1 ICREA-Complex Systems Lab, Universitat Pompeu Fabra , 08003 Barcelona , Spain.
2 Institut de Biologia Evolutiva (CSIC-UPF) , Psg Maritim Barceloneta, 37, 08003 Barcelona , Spain.
Philos Trans R Soc Lond B Biol Sci. 2019 Jun 10;374(1774):20180376. doi: 10.1098/rstb.2018.0376.

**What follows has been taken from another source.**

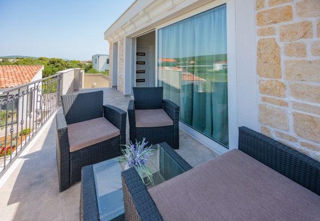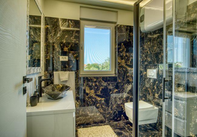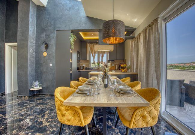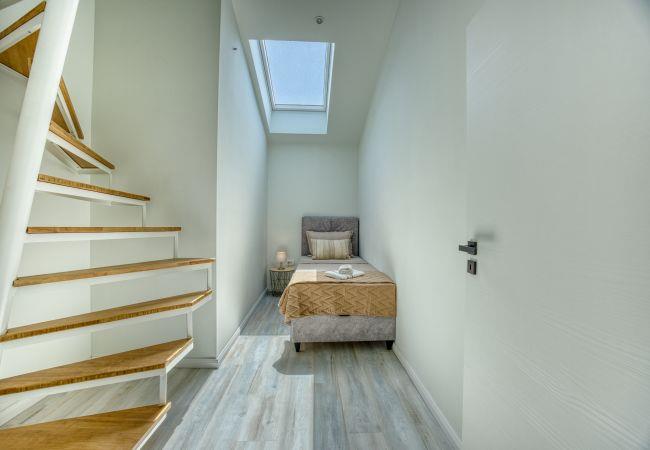 The apartment on the first floor is accessed through outdoor staircase. You first arrive on a beautiful balcony with a relaxing seating area, and the view is very open and absolutely perfect for a morning coffee or an evening glass of your favourite refreshing drink. The indoor will take your breath away, making it seem like the space has no end to it. The decor of the apartment is simply astounding and filled with eye captivating luxury details and embelishments. There are three more bedrooms available, two of which have beds available in amazing galleries, as well as three more bathrooms. Having in total of three double beds and two single beds in galleries, this apartment comfortably accommodate 8 guests.

Liquid neural networks (or 'liquid brains') are a widespread class of cognitive living networks characterized by a common feature: the agents (ants or immune cells, for example) move in space. Thus, no fixed, long-term agent-agent connections are maintained, in contrast with standard neural systems. How is this class of systems capable of displaying cognitive abilities, from learning to decision-making? In this paper, the collective dynamics, memory and learning properties of liquid brains is explored under the perspective of statistical physics. Using a comparative approach, we review the generic properties of three large classes of systems, namely: standard neural networks (solid brains), ant colonies and the immune system. It is shown that, despite their intrinsic physical differences, these systems share key properties with standard neural systems in terms of formal descriptions, but strongly depart in other ways. On one hand, the attractors found in liquid brains are not always based on connection weights but instead on population abundances. However, some liquid systems use fluctuations in ways similar to those found in cortical networks, suggesting a relevant role for criticality as a way of rapidly reacting to external signals. This article is part of the theme issue 'Liquid brains, solid brains: How distributed cognitive architectures process information'.
液体神经网络(或“液体大脑”)是一类广泛存在的认知生命网络,其特征为一个共同的特点:即其中的智能体(例如蚂蚁或免疫细胞)在空间中移动。因此,与标准神经网络不同,这些网络不会维持固定的、长期的智能体-智能体连接。在本文中,我们从统计物理学的角度探讨了液体大脑的集体动力学、记忆和学习特性。通过对比的方法,我们回顾了标准神经网络(固体大脑)、蚁群和免疫系统这三大类系统的通用特性。结果表明,尽管这些系统在本质上存在差异,但它们在形式描述方面与标准神经网络具有关键的共同特性,而在其他方面则存在很大的不同。一方面,在液体大脑中发现的吸引子并不总是基于连接权重,而是基于群体丰度。然而,一些液体系统以类似于皮质网络中发现的方式利用波动,这表明临界性作为一种快速对外界信号做出反应的方式具有重要作用。本文是主题为“液体大脑、固体大脑:分布式认知架构如何处理信息”的一部分。